More esoteric are the Joe-Meek-produces-The-Righteous-Brothers sweep of I Still Want You, punctuated with ‘Telstar’-style electric organ, the weary waltz of ‘If I Could Do It Again’ and the urgent jive of That’s Right.
So there are tales of the unexpected here if you want them, but lyrically as well as musically, this is an album which is happy not to reinvent the wheel.
“I wanted the words to be simple and straightforward too,” Findlay admits. “Both records I have done have been romantic records, but the first album was more personal, whereas I wanted these to be universal themes, which are love songs but are also spiritual, reflecting my feelings about the world in general. It sounds daft but I do feel like I’m on a spiritual journey, and this is just the next step.”

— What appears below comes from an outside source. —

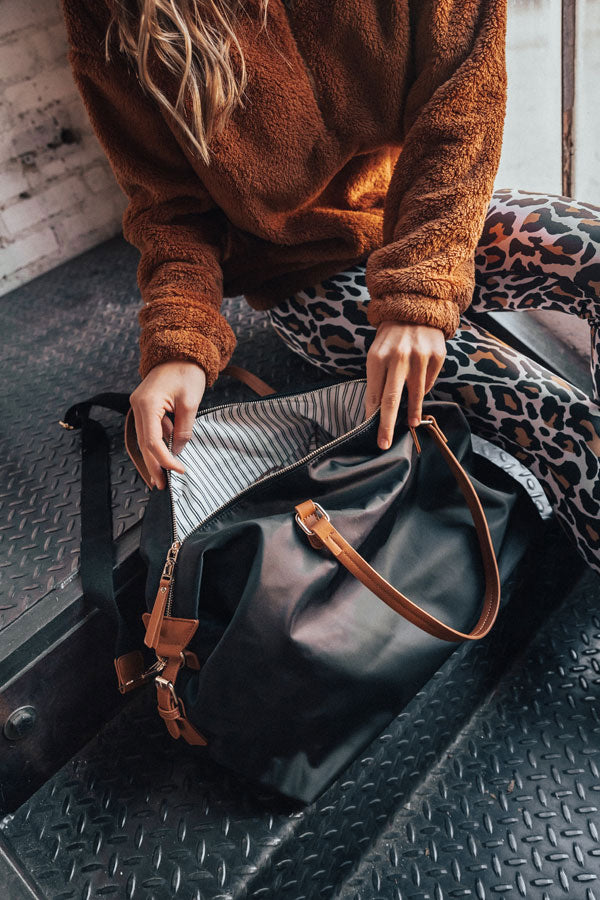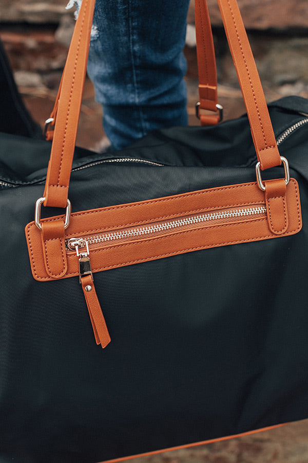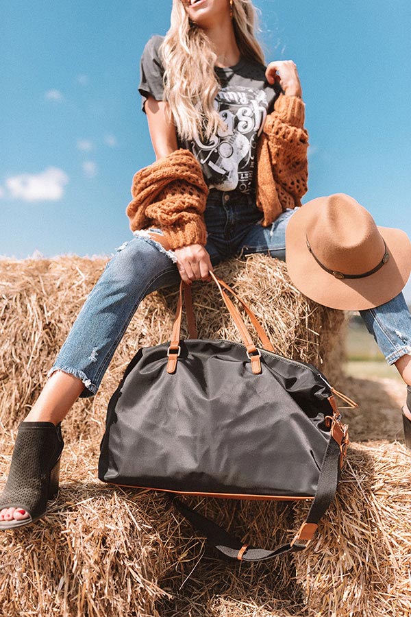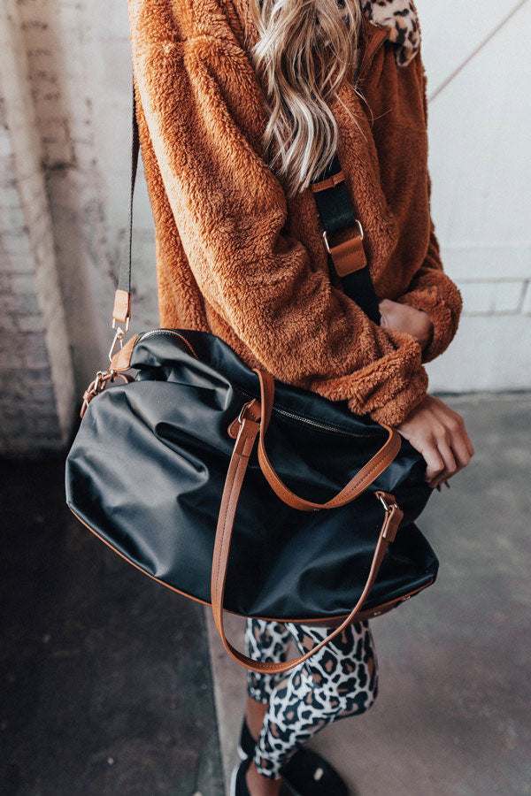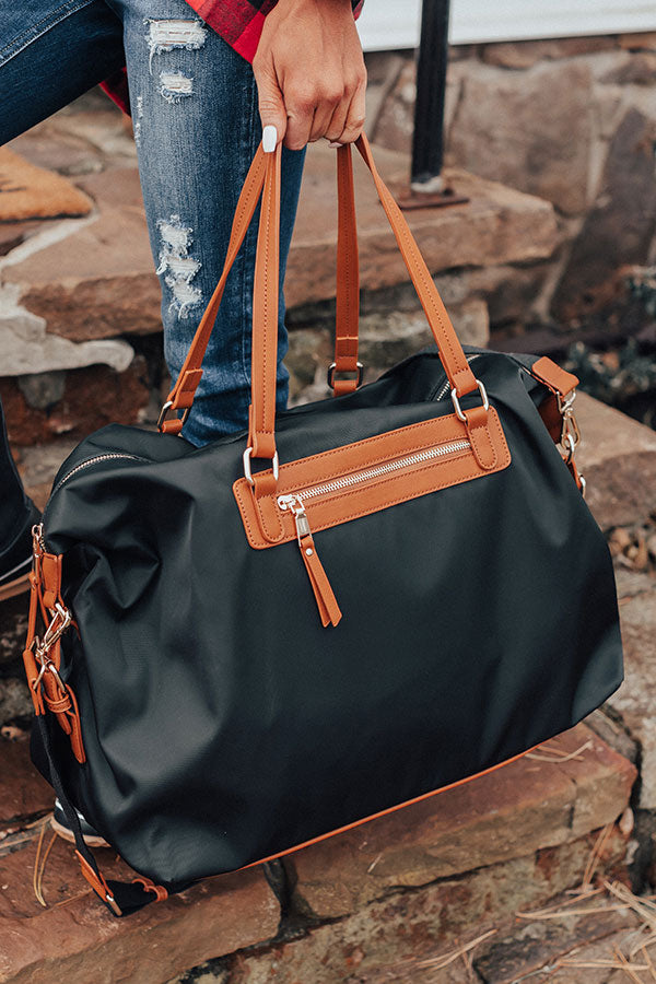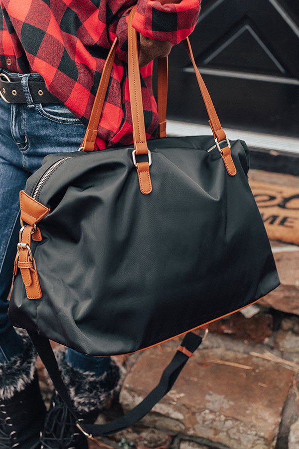 There is no better bag to take on your "Breckenridge vacay weekend" than this black tote featuring two handles, a sleek outer finish, a spacious inner pouch with additional pockets, and a removable and adjustable shoulder strap!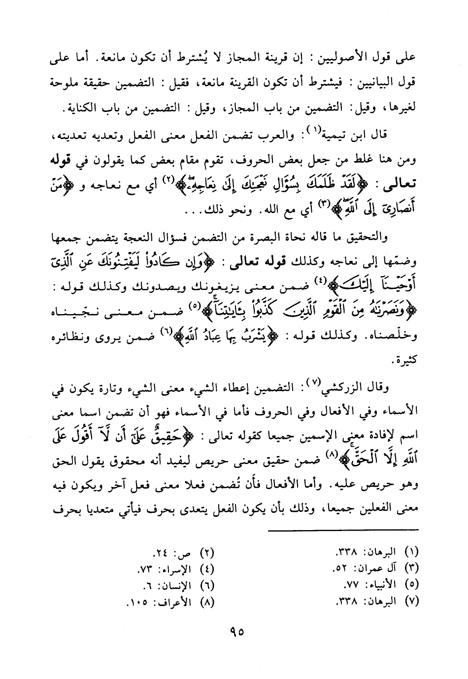 وقال الزركشي: التضمين إعطاء الشيء معنى الشيء وتارة يكون في الأسماء وفي الأفعال وفي الحروف فأما في الأسماء فهو أن تضمن اسما معنى اسم لإفادة معنى الاسمين جميعا كقوله تعالى: (حَقِيقٌ عَلَى أَنْ لَا أَقُولَ عَلَى اللَّهِ إِلَّا الْحَقَّ) ضمن حقيق معنى حريص ليفيد أنه محقوق يقول الحق وهو حريص عليه. وأما الأفعال فأن تُضمن فعلا معنى فعل آخر ويكون فيه معنى الفعلين جميعا، وذلك بأن يكون الفعل يتعدى بحرف فيأتي متعديا بحرف

And it’s not just a small step, it’s a giant leap. On one level, you could be forgiven for regarding this as a very conservative record, steeped as it is in songwriting values as old as rock’n’roll itself. But regarded in context alongside his previous work and the musical climate that surrounds him, you realise Findlay Brown has made the kind of radical creative departure that few mainstream artists ever dare to attempt.
Most importantly, you’ll soon realise they don’t write songs like this anymore. Another piece of hoary old wisdom that we’re not afraid to throw out there, and another cliche which will seem truer than ever the more you listen to this bold, refreshing and beautiful album.